It is unclear, however, at what age the child should/can be considered to have no relevant knowledge of NADs in the native language. Indirect evidence can be obtained by comparing NAD-learning at different ages: if younger infants around the age of 15 months learn NADs only in the Emphasized, and not the Functional Condition, whereas older infants (e.g. 18–24 months) can learn dependencies in both Conditions, it could be argued that the ability to detect NADs when the dependent elements are perceptually non-salient is not an intrinsic property of NAD-learning, but is an acquired ability. Infant research is required to disentangle potential factors contributing to the adult results reported.


We investigated the role of perceptual cues to NAD-learning by studying the effect of prosodic manipulations on the acquisition of remote dependencies following exposure to an artificial grammar. We showed that learners can detect non-adjacent dependencies and generalize them to novel strings only under particular conditions. We extended previous findings by presenting evidence that detection of dependencies between non-adjacent elements is driven by Gestalt principles of perception, grouping together similar elements on a separate level of analysis; we further argued that this is likely to be a level of prosodic analysis, as learning was facilitated when cues to the prosodic status of the individual elements (either acoustic properties of the elements or the length of pauses separating them from adjacent words) were non-conflicting. Our findings suggest that in natural languages, where prosodically unmarked/clitic-like functional morphemes alternate with more prosodically marked lexical morphemes, patterns between functional words can be easily captured due to Gestalt principles of perception.


  1. 1.

    By contrast, Endress and Bonatti (2006) propose that a rapid mechanism computing dependencies between structural positions precedes the slower, statistical computation of correspondences between individual tokens.

  2. 2.

    Note that stimuli for artificial grammar learning experiments like Gómez (2002) are cross-spliced: any token (ab, or X) is ‘cut’ from the original recording and ‘pasted’ into different strings where it can be adjacent to different words.
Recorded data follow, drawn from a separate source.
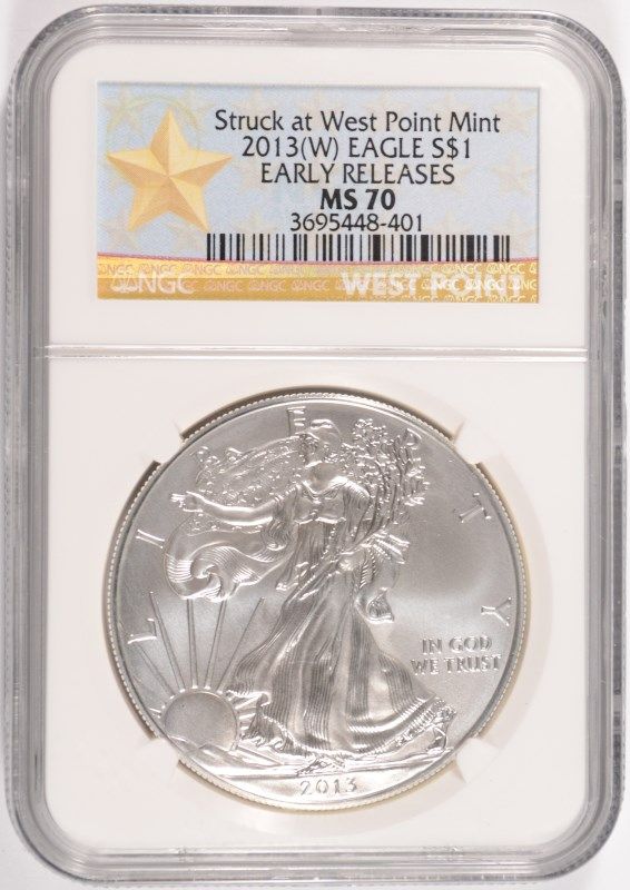 2013 ( W ) AMERICAN SILVER EAGLE, NGC MS-70 GOLD STAR LABEL!
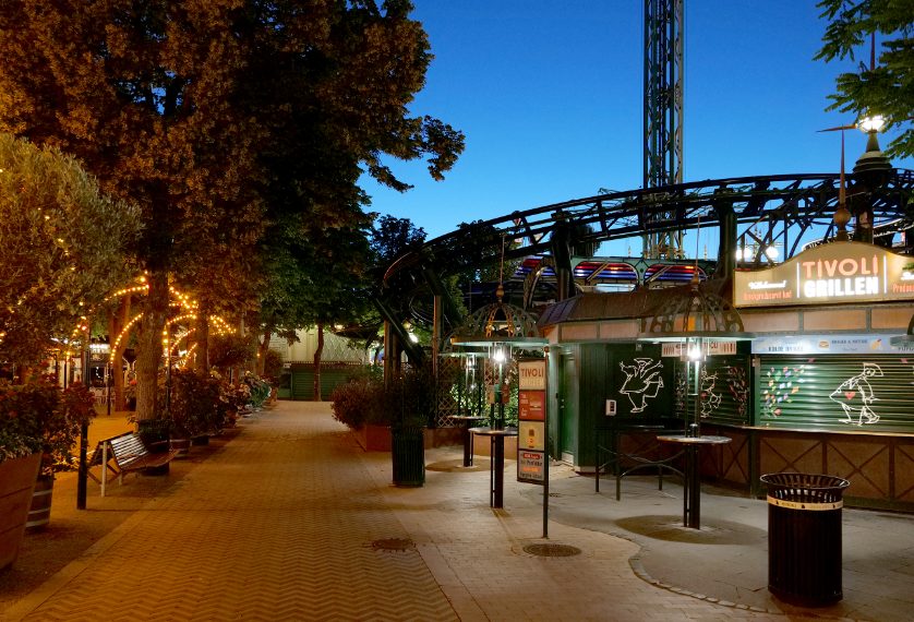 Di notte è il momento più suggestivo per visitare i Giardini di Tivoli perché le migliaia di luci colorate creano un'atmosfera da favola assolutamente unica. Il parco riesce a catturare l'immaginazione e renderla realtà grazie ai numerosi dettagli da scoprire, come, ad esempio, come la presenza di veri animali, le faraone, che corrono liberamente attraverso i giardini. Le giostre sono tutte progettate per adattarsi all'architettura e ai giardini di Tivoli. Alcune giostre sono meravigliosamente nostalgiche, mentre altre soddisferanno le aspettative dei più esigenti amanti del brivido. La giostra più antica e popolare di Tivoli, le montagne russe in legno del 1914, è una delle sole sette montagne russe al mondo che hanno un frenatore a bordo di ogni treno. Sono presenti anche giostre da brividi come Vertigo, che viaggia a 100 km/h. Nel 2021 è stata inaugurata l'ultima giostra del parco, Villa Vendetta, la più grande casa spaventosa permanente della Danimarca con attori e molto altro.
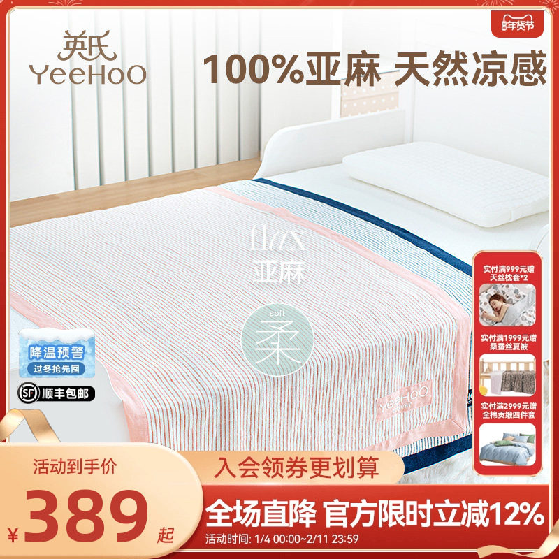 英氏儿童亚麻凉席新生儿宝宝透气夏季婴儿幼儿园午睡软席单人
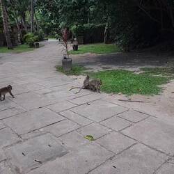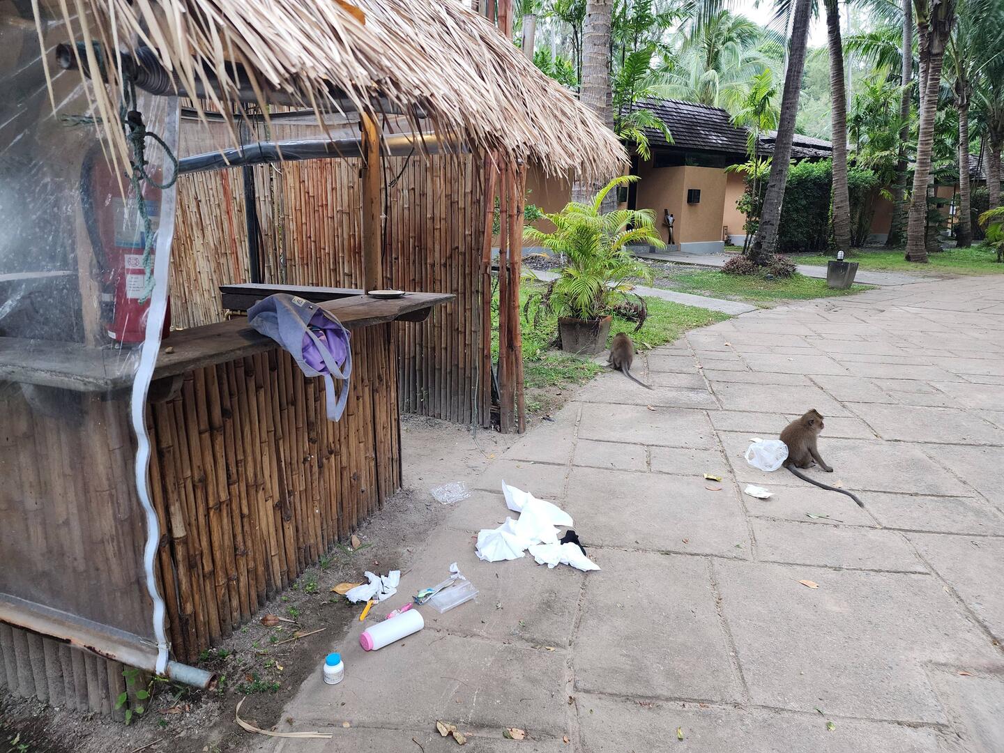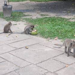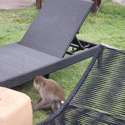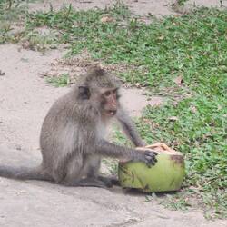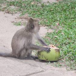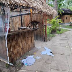 Die kleinen frechen Affen Thailands, beliebt bei Touristen, eher genervt bei den locals... Hier haben sie nicht nur die Kokosnuss geklaut, sondern auch den kleinen Wachposten am Hotel / Pool EingangRead more
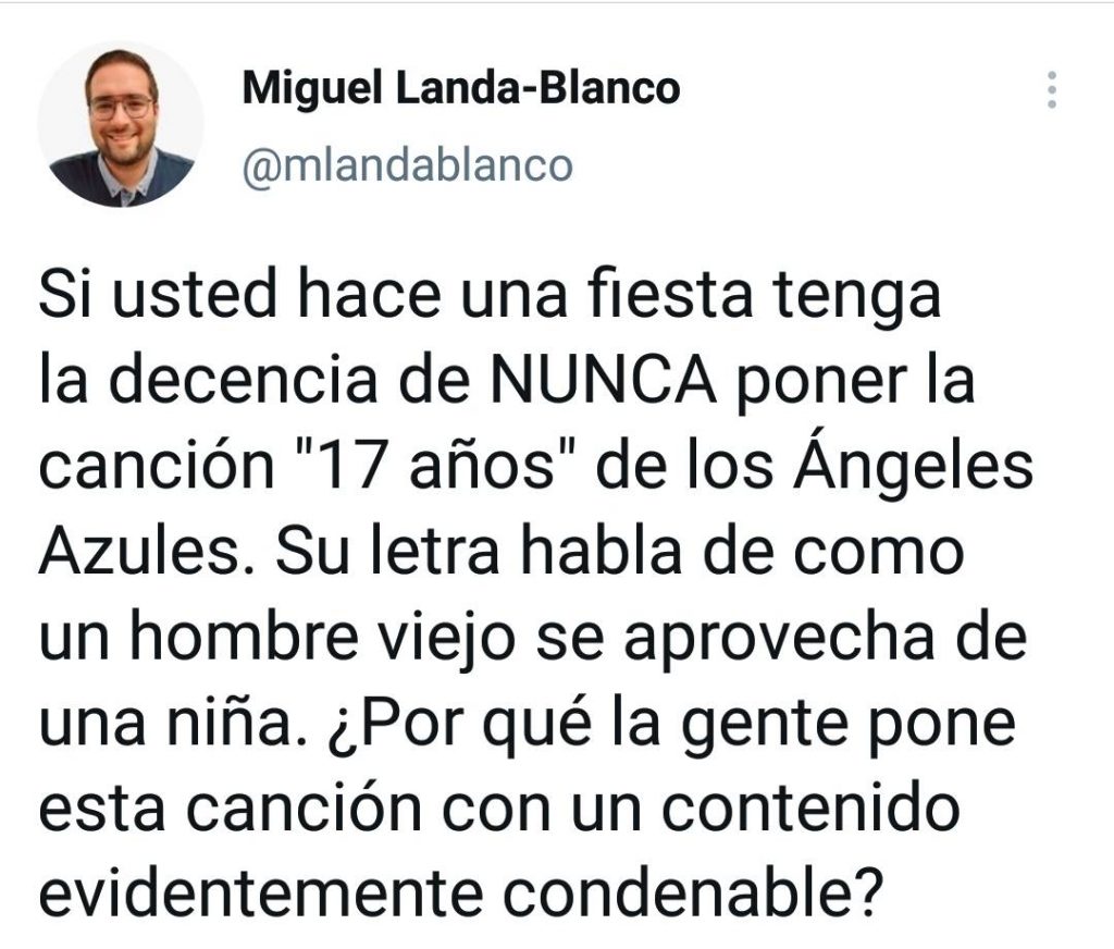 Dice que es la niña más feliz del mundo brilla su sonrisa un poco más que ayer va. ¿por qué la gente pone esta canción con un contenido evidentemente amo su inocencia, 17 años, amo sus errores, 17 años. Amo su inocencia (17 años) amo sus errores (17 años) soy su primer novio (17 años) su primer amor, con esta estrofa, una de las canciones más populares que el grupo de los ángeles azules ha. En redes sociales se inició una gran discusión al señalar que la popular banda mexicana, en la letra de su canción 17 años, normaliza la pedofilia y la corrupción de menores. Veja a letra e ouça a música 17 anos de cueio limao no portal suas letras. El tema 17 años interpretado por dvicio pertenece a su disco justo ahora. Clique para ver a letra original. Lyrics dice que es la niña más feliz del mundo brilla su sonrisa un poco más que ayer va contando horas segundo a. Amo su inocencia, 17 años amo su errores, 17 años soy su primer novio, 17 años su eu amo a sua inocência, 17 anos eu amo os seus erros, 17 anos eu sou seu primeiro namorado, 17 anos seu. Con diecisiete años tan enamorada. La canción 17 años, interpretada por el grupo musical los ángeles azules, es una de las más populares en las fiestas. Uno de sus más grandes éxitos fue '17 años', el cual salió en los años 90, pero tuvo su repunte el psicólogo dijo que la letra de la canción es evidentemente condenable. El día de mi muerte, fue tan común como cualquier día de mis estudios escolares.

This makes it difficult to introduce coarticulation at the point of transition between two different words in a string. As our primary interest was not coarticulation cues, we decided to introduce minimal within-string pauses to circumvent the need for coarticulation altogether.

  3. 3.

    Another way participants might have obtained the 1–1–2 syllable structure is by simply grouping the final syllable of the X elements together with the b syllable; we reject this possibility for two reasons. First of all, the second syllable of the \(\times \) elements was metrically weak, and it is unlikely that a weak syllable would be segmented from a strong syllable (the first syllable in X), only to be combined with another weak syllable (b) into a bisyllabic word. Secondly, participants in this condition alone did not show a bias towards accepting test items, as they did not conform to the structure 1–1–2; if they had simply mis-segmented the X they would have made the same segmentation error at test—they would not have reported a different, 1–2–1 structure for test items, nor would they have been led to reject test items more than in other conditions.

  4. 4.

    Note that the same problem does not apply to the Emphasized condition, where the a and b elements were spliced from recordings where they were strings-medial, and, respectively, string-final. Thus, while the a tokens had a rising intonation, the b tokens had a (rising)-falling pitch contour, which conferred an overall natural rising-falling intonation contour to the aXb strings. In the Lexical Condition too, lexical a / b tokens had a rising-falling pitch contour which conferred the aXb strings a rising-falling contour.

  5. 5.

    Note, furthermore, that a 100 ms pause, together with the high combinatorial properties of the a and b tokens, was sufficient to facilitate segmentation of the individual nonce words in the aXb strings: in their verbal reports participants often recalled individual words, particularly a and b tokens. Furthermore, Peña et al. (2002) evidenced an effect of segmentation of aXb strings by introducing smaller, imperceivable, pauses of only 20 ms. Finally, the fact that participants identified grammatical dependencies in novel \(aX'b\) strings suggests that they were parsing a and b tokens as separate units from the Xs in the familiarization.

  6. 6.

    Note that merely because this rule is simple, it is not also necessarily easy to acquire, as our results indicate. Simplicity in Reber’s terms is the property of systems that could be very easily learned with explicit instruction



The authors thank Silvia Rădulescu for data collection (Experiment 2), Sieb Nooteboom and Peter Coopmans for feedback and suggestions, Theo Veenker for technical support, Iris Mulders for participant recruitment, and Roel Willems for statistics advice. This research is funded by the Dutch Organization for Scientific Research NWO, Grant GW.000327.1 awarded to the first author for an individual doctoral research project.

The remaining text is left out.